§ Exercise objective: Return the first line of the listing below and all the lines after it through the one containing "Um Ihr Login", exactly, without pictures.

§ Given information:
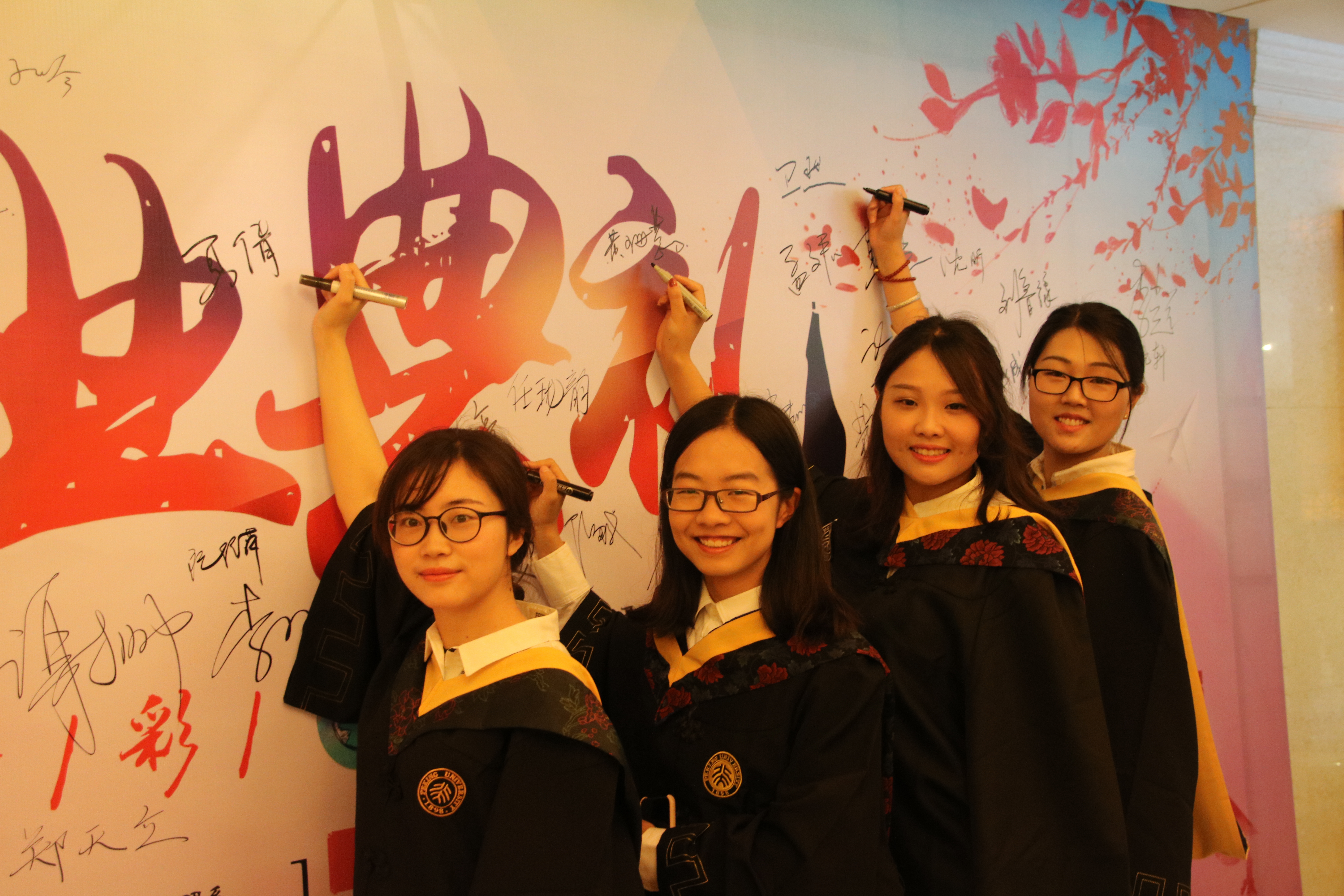 2017届学生毕业典礼在英杰交流中心阳光大厅成功举行。学院院长贺灿飞老师、党委书记刘耕年老师、院友代表刘卫东老师以及学院其他领导和教师代表出席了典礼活动,参加典礼的还有2017届190名本、硕、博毕业生及部分毕业生家长。典礼由学院副院长刘鸿雁老师主持。 典礼开始前,毕业生们纷纷在毕业纪念签名墙上签名、合影留念,收获的喜悦中带着离别的不舍。同样带给大家惊喜的还有学院为全体毕业生精心制作的纪念册, “今天,东风桃李,明天,巨木成林”。翻开册子,一张张笑脸,一幅幅画面,让人们想起了在城环学习、生活的点点滴滴。 典礼开场的毕业纪念视频述说着同学们在北大最喜欢的、最自豪的、最难忘的事情,并向学院和学校献上最真挚的感谢与最衷心的祝福。毕业班班主任的寄语、嘱托与当年129合唱的旋律,最后凝结为一句“毕业快乐,前程似锦”。 八点四十五分,典礼在雄壮的国歌中正式开始。院长贺灿飞老师致辞。首先,他引用亚里士多德的名言“教育的根是苦的,但其果实是甜的”,祝贺大家经过辛勤耕耘收获毕业的果实。学院秉持“全员育人”理念,通过丰富多彩的野外实习、城市认知、社会实践、科研项目以及国内外学术活动,激励学生亲近自然,接触社会,探究学术,思索人生,培养学生的家国情怀和国际视野。贺老师勉励大家,应该将学习作为一种生活方式和精神追求,期望大家用努力点燃梦想,以百折不挠的毅力迎接未来的挑战。 随后,84级院友、中国科学院地理科学与资源研究所所长助理、“一带一路”战略研究中心主任刘卫东老师分享了他在北大学习的经历与心得,将“理想、求真、务实、坚持”八个字送给同学们,提醒即将毕业的师弟师妹们要有全球情怀,具有科学精神,能脚踏实地,又要学会坚持。致辞完毕后,党委副书记陈耀华老师向刘卫东院友赠送他当年本科毕业论文留做纪念。 2014级硕士1班班主任唐志尧老师代表学院教师发言。唐老师讲到,非常有幸能参与到同学们的生活与学习中,见证了同学们慢慢成长,并向学工团队、家长和所有毕业生表示感谢。面对新的征程,迎接新的挑战,唐老师希望大家不要忘记之前为自由奋斗的日子,因为它们都充实而有意义;也欢迎同学们随时“回家”看看。 紧接着,2013级人文地理与城乡规划专业本科毕业生代表武欣玫发言,她分享了“致城环的一封信”: 感谢亲爱的城环,带给我们最好的老师、最好的伙伴;赐予我们兼容并包的胸怀、以天下为己任的担当;感谢你在四年前拥抱了我们,在四年间陪伴我们成长;如今,你更像一种烙印,将四年来成长的点滴,印在每一张自信的脸庞。 2012级博士研究生林笠同学从“变”与“不变”的角度回顾了在城环的五年时光。变的是,学习科研生活的突破,学院日新月异的发展;曾经共同学习的同学们如今都找到了各自的发展方向,曾经迷茫过的自己也不断加深了对世界的理解;不变的,是学院服务学生的用心、同学们追求优秀的恒心和自己追逐梦想的初心。 学院副院长李本纲老师、李双成老师分别宣读本科生、研究生学位授予决定,院长贺灿飞老师和党委书记刘耕年老师为学生拨穗、颁发纪念证书并合影。 最后,在场全体师生一起合唱燕园情,琉璃神社
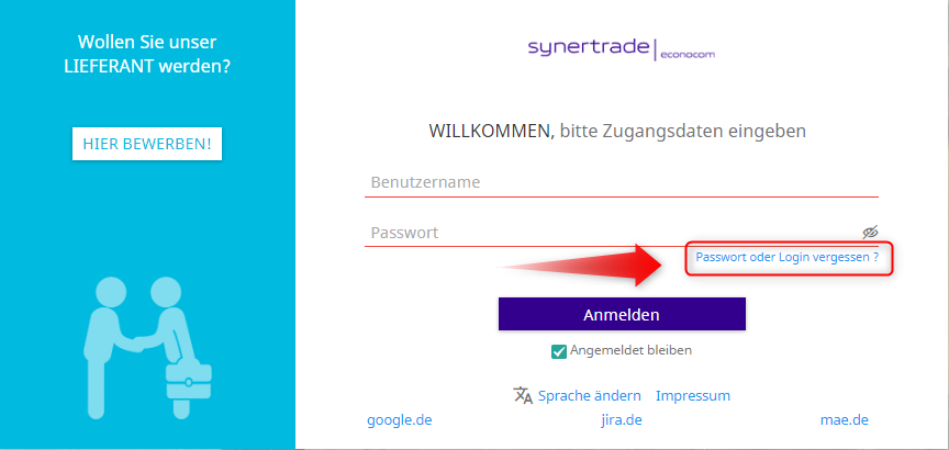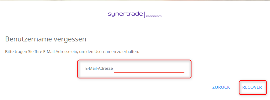 Um Ihr Login abzurufen, klicken Sie auf „Passwort oder Login vergessen?“ und dann auf „Benutzername vergessen?“. Geben Sie die E-Mail-Adresse ein, mit der Sie sich registriert haben, und klicken Sie abschließend auf „Recover“.
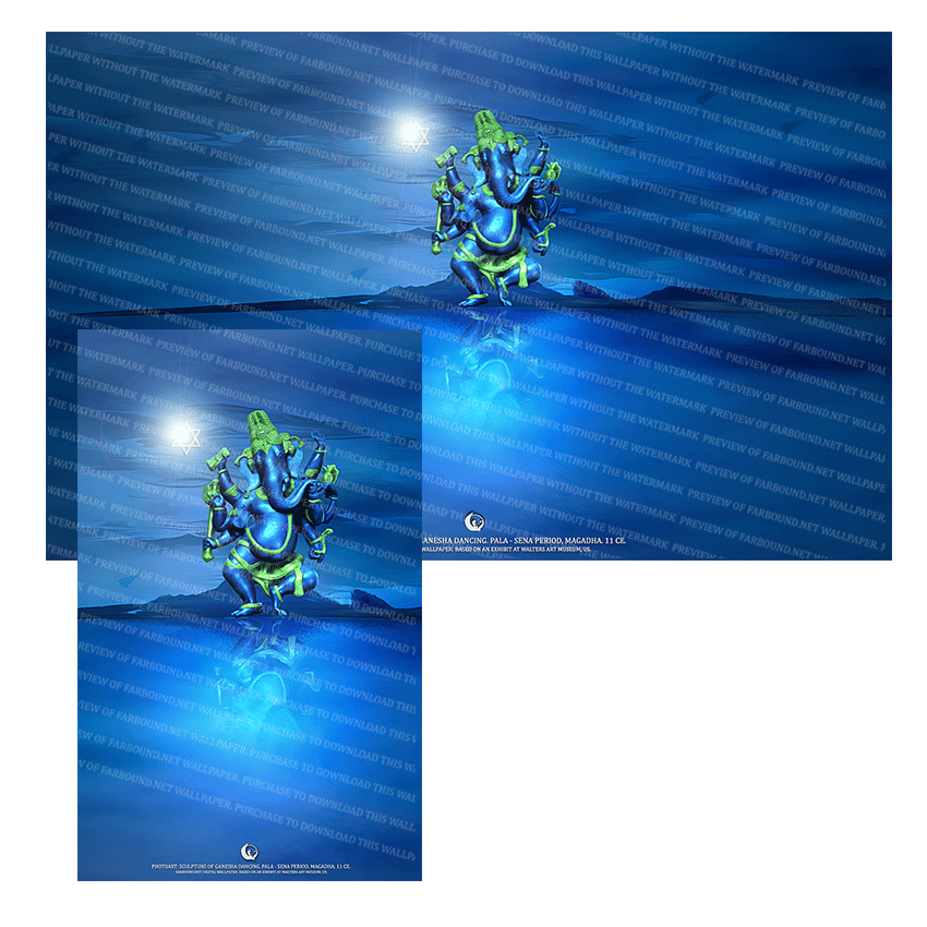 History: This Digital Wallpaper/Desktop Wallpaper/Desktop Background/Laptop Wallpaper/Mobile Phone Wallpaper/Artifacts Wallpaper/Ancient Sculptures Wallpaper/Historic Sculptures Wallpaper/Hindu Gods Wallpaper/Ganesha Wallpaper, features a photoart presentation of a sculpture of Ganesha dancing. The sculpture was produced in the region of Magadha, during what was the Pala-Sena Period, 11 Ce. In the Vedic and Hindu religious texts, Ganesha is the deity of auspicious beginnings and prosperity. Like his father Shiva, Ganesha is also a dancer. The sculpture on which this artistic presentation is based is on exhibit at the Walters Art Museum in the US.
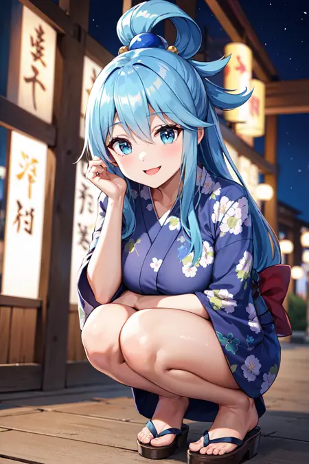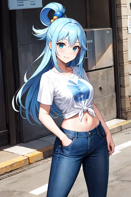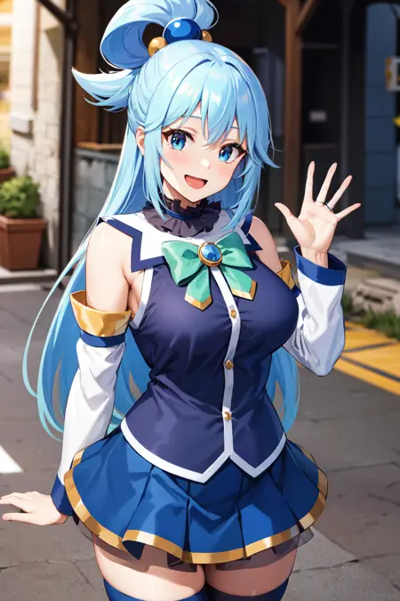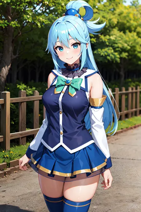 服装1aaaqua, 长发, 蓝发, 发圈, 发饰, 项圈, 裸露肩膀, 绿色蝴蝶结, 蓝色衬衫, 分离袖子, 蓝色裙子, 过膝袜
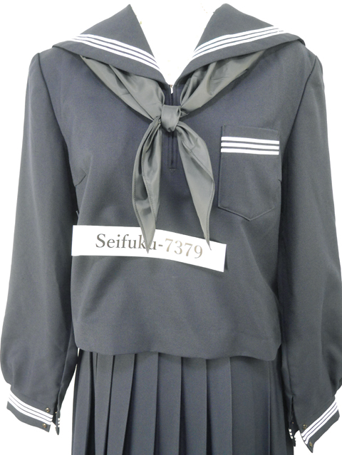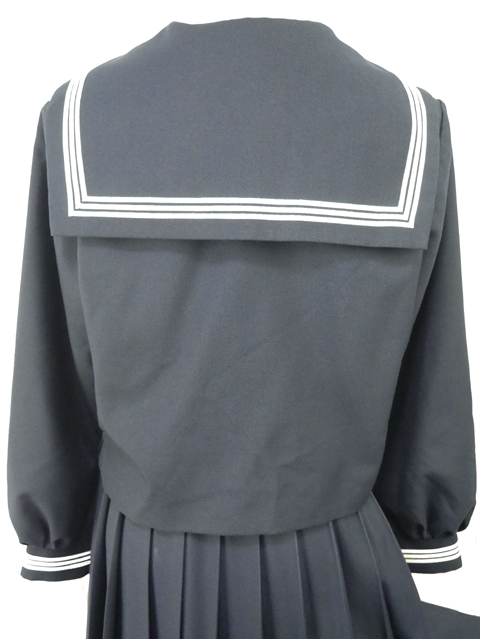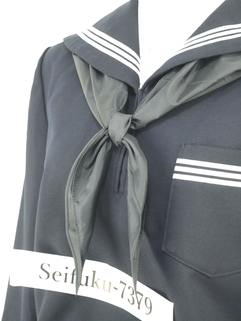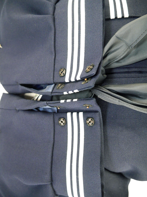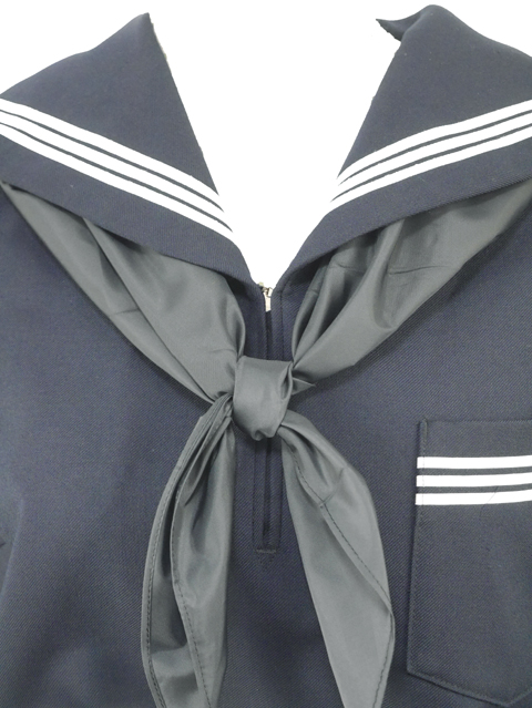 上着は濃紺でセーラー襟と胸ポケットと両袖口に白線3本入り☆
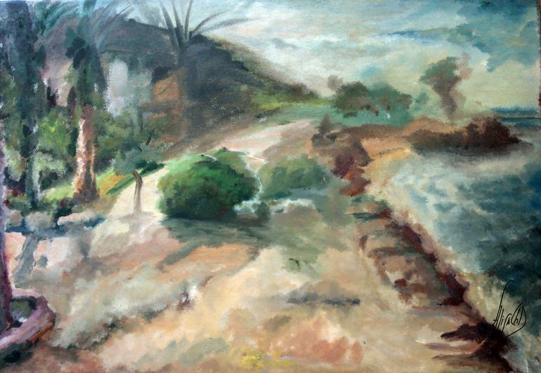 This oil painting captures a serene yet dynamic landscape where the land meets the sea. Inspired by a real coastal path, the artwork was created during a plein air session, allowing me to immerse themselves in the atmosphere of the place. The painting conveys the movement of the wind, the shifting l...
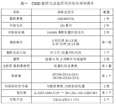 C630 數控化改造所用的部分材料清單如表一所示 僅供參考具體使用情況根據現實情況采用
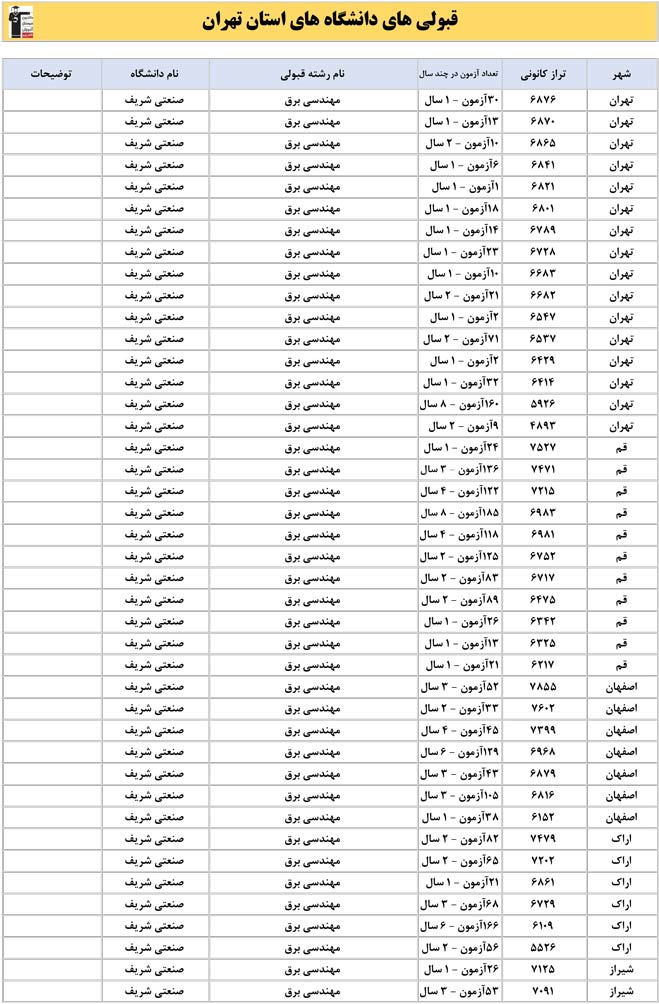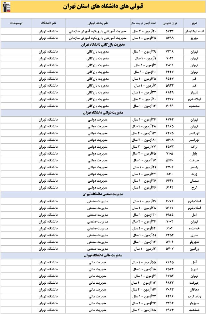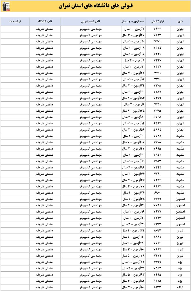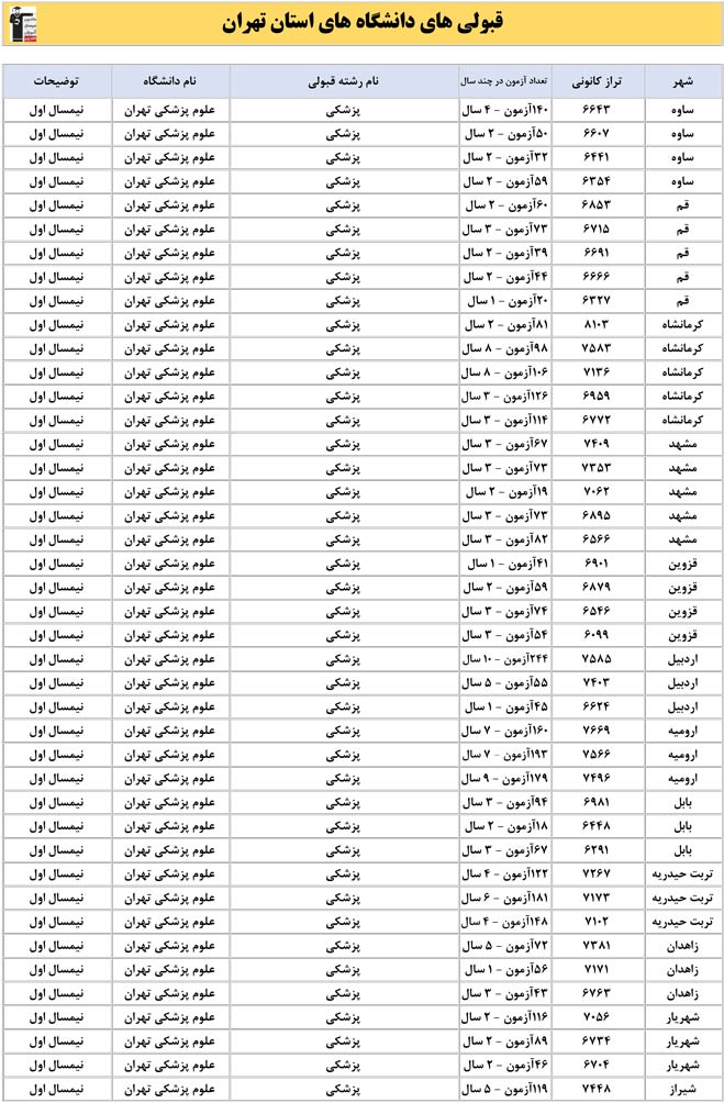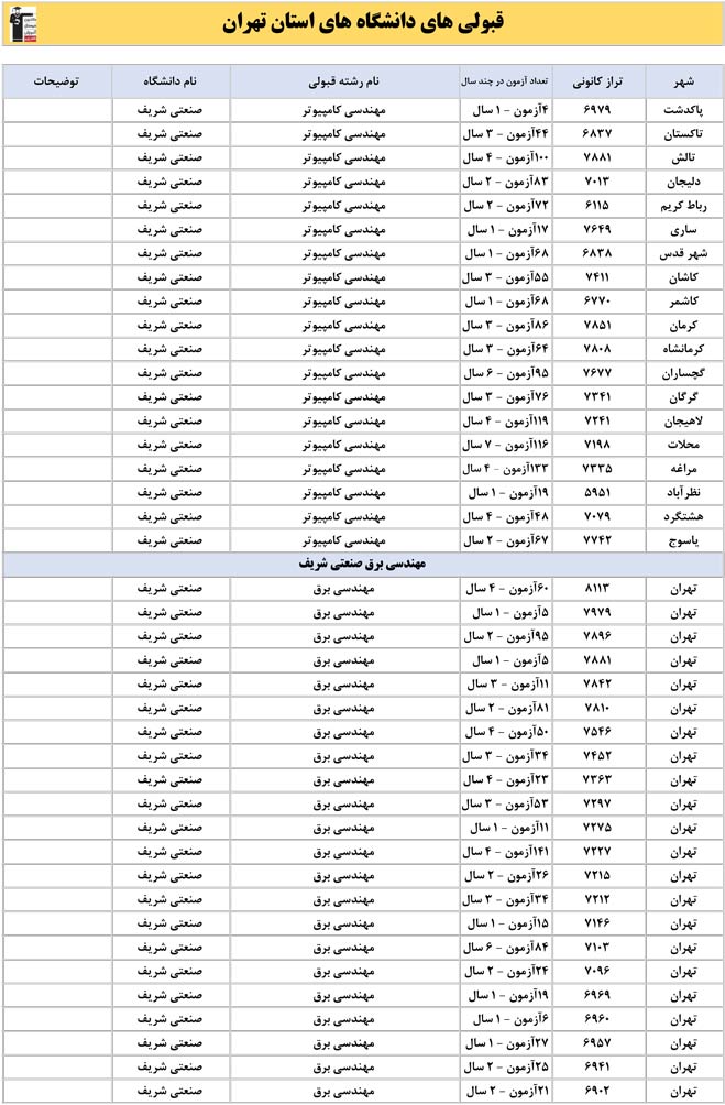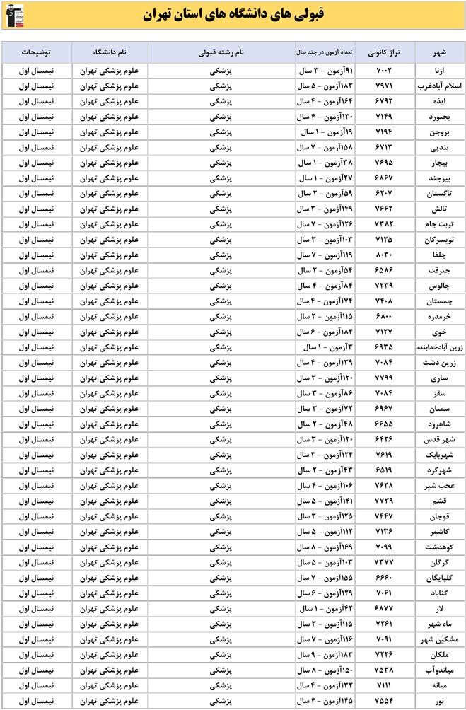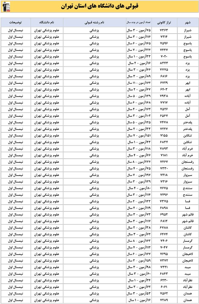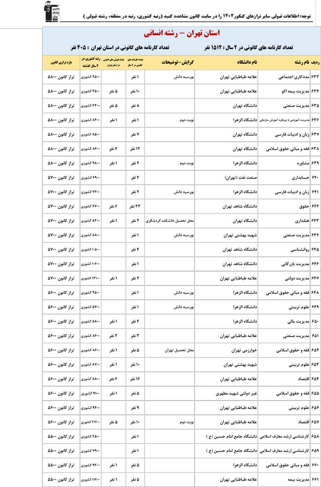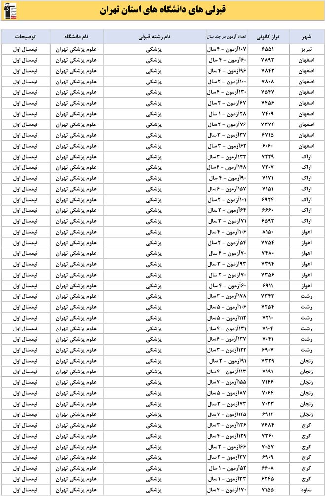 این آمار و اطلاعات مربوط به رشته های دانشگاه های استان تهران و دانش آموزان دو سال قبل کانون(کنکور1401 و 1402) می باشد .شما می توانید نمره ی تراز خود را پیدا کنید و متوجه شوید ، آن ها که پارسال ترازشان مثل شما بوده چه رشته هایی قبول شدند.
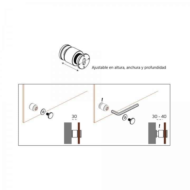 SOPORTE DE PARED PARA CRISTAL C/AJUSTE 3D – JNF – INOX
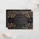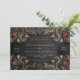 Rosa convite rústico, um motivo impressionante e detalhado de rosas vintage, em um fundo rústico. Bonitos tons naturais ou fundo escuro de quadro negro e pequenos detalhes de rosa, neste design único que adiciona um elemento de teatro ao convite de casamento. O guião clássico claro tem uma sensação maravilhosamente formal, sem ser abafado, e tudo isso é muito divertido. Então, se você planeja uma bola masca, ou um casamento elegante de verão, então este é o convite para você.

§ Result for this task:
 2017届学生毕业典礼在英杰交流中心阳光大厅成功举行。学院院长贺灿飞老师、党委书记刘耕年老师、院友代表刘卫东老师以及学院其他领导和教师代表出席了典礼活动,参加典礼的还有2017届190名本、硕、博毕业生及部分毕业生家长。典礼由学院副院长刘鸿雁老师主持。 典礼开始前,毕业生们纷纷在毕业纪念签名墙上签名、合影留念,收获的喜悦中带着离别的不舍。同样带给大家惊喜的还有学院为全体毕业生精心制作的纪念册, “今天,东风桃李,明天,巨木成林”。翻开册子,一张张笑脸,一幅幅画面,让人们想起了在城环学习、生活的点点滴滴。 典礼开场的毕业纪念视频述说着同学们在北大最喜欢的、最自豪的、最难忘的事情,并向学院和学校献上最真挚的感谢与最衷心的祝福。毕业班班主任的寄语、嘱托与当年129合唱的旋律,最后凝结为一句“毕业快乐,前程似锦”。 八点四十五分,典礼在雄壮的国歌中正式开始。院长贺灿飞老师致辞。首先,他引用亚里士多德的名言“教育的根是苦的,但其果实是甜的”,祝贺大家经过辛勤耕耘收获毕业的果实。学院秉持“全员育人”理念,通过丰富多彩的野外实习、城市认知、社会实践、科研项目以及国内外学术活动,激励学生亲近自然,接触社会,探究学术,思索人生,培养学生的家国情怀和国际视野。贺老师勉励大家,应该将学习作为一种生活方式和精神追求,期望大家用努力点燃梦想,以百折不挠的毅力迎接未来的挑战。 随后,84级院友、中国科学院地理科学与资源研究所所长助理、“一带一路”战略研究中心主任刘卫东老师分享了他在北大学习的经历与心得,将“理想、求真、务实、坚持”八个字送给同学们,提醒即将毕业的师弟师妹们要有全球情怀,具有科学精神,能脚踏实地,又要学会坚持。致辞完毕后,党委副书记陈耀华老师向刘卫东院友赠送他当年本科毕业论文留做纪念。 2014级硕士1班班主任唐志尧老师代表学院教师发言。唐老师讲到,非常有幸能参与到同学们的生活与学习中,见证了同学们慢慢成长,并向学工团队、家长和所有毕业生表示感谢。面对新的征程,迎接新的挑战,唐老师希望大家不要忘记之前为自由奋斗的日子,因为它们都充实而有意义;也欢迎同学们随时“回家”看看。 紧接着,2013级人文地理与城乡规划专业本科毕业生代表武欣玫发言,她分享了“致城环的一封信”: 感谢亲爱的城环,带给我们最好的老师、最好的伙伴;赐予我们兼容并包的胸怀、以天下为己任的担当;感谢你在四年前拥抱了我们,在四年间陪伴我们成长;如今,你更像一种烙印,将四年来成长的点滴,印在每一张自信的脸庞。 2012级博士研究生林笠同学从“变”与“不变”的角度回顾了在城环的五年时光。变的是,学习科研生活的突破,学院日新月异的发展;曾经共同学习的同学们如今都找到了各自的发展方向,曾经迷茫过的自己也不断加深了对世界的理解;不变的,是学院服务学生的用心、同学们追求优秀的恒心和自己追逐梦想的初心。 学院副院长李本纲老师、李双成老师分别宣读本科生、研究生学位授予决定,院长贺灿飞老师和党委书记刘耕年老师为学生拨穗、颁发纪念证书并合影。 最后,在场全体师生一起合唱燕园情,琉璃神社
 Um Ihr Login abzurufen, klicken Sie auf „Passwort oder Login vergessen?“ und dann auf „Benutzername vergessen?“. Geben Sie die E-Mail-Adresse ein, mit der Sie sich registriert haben, und klicken Sie abschließend auf „Recover“.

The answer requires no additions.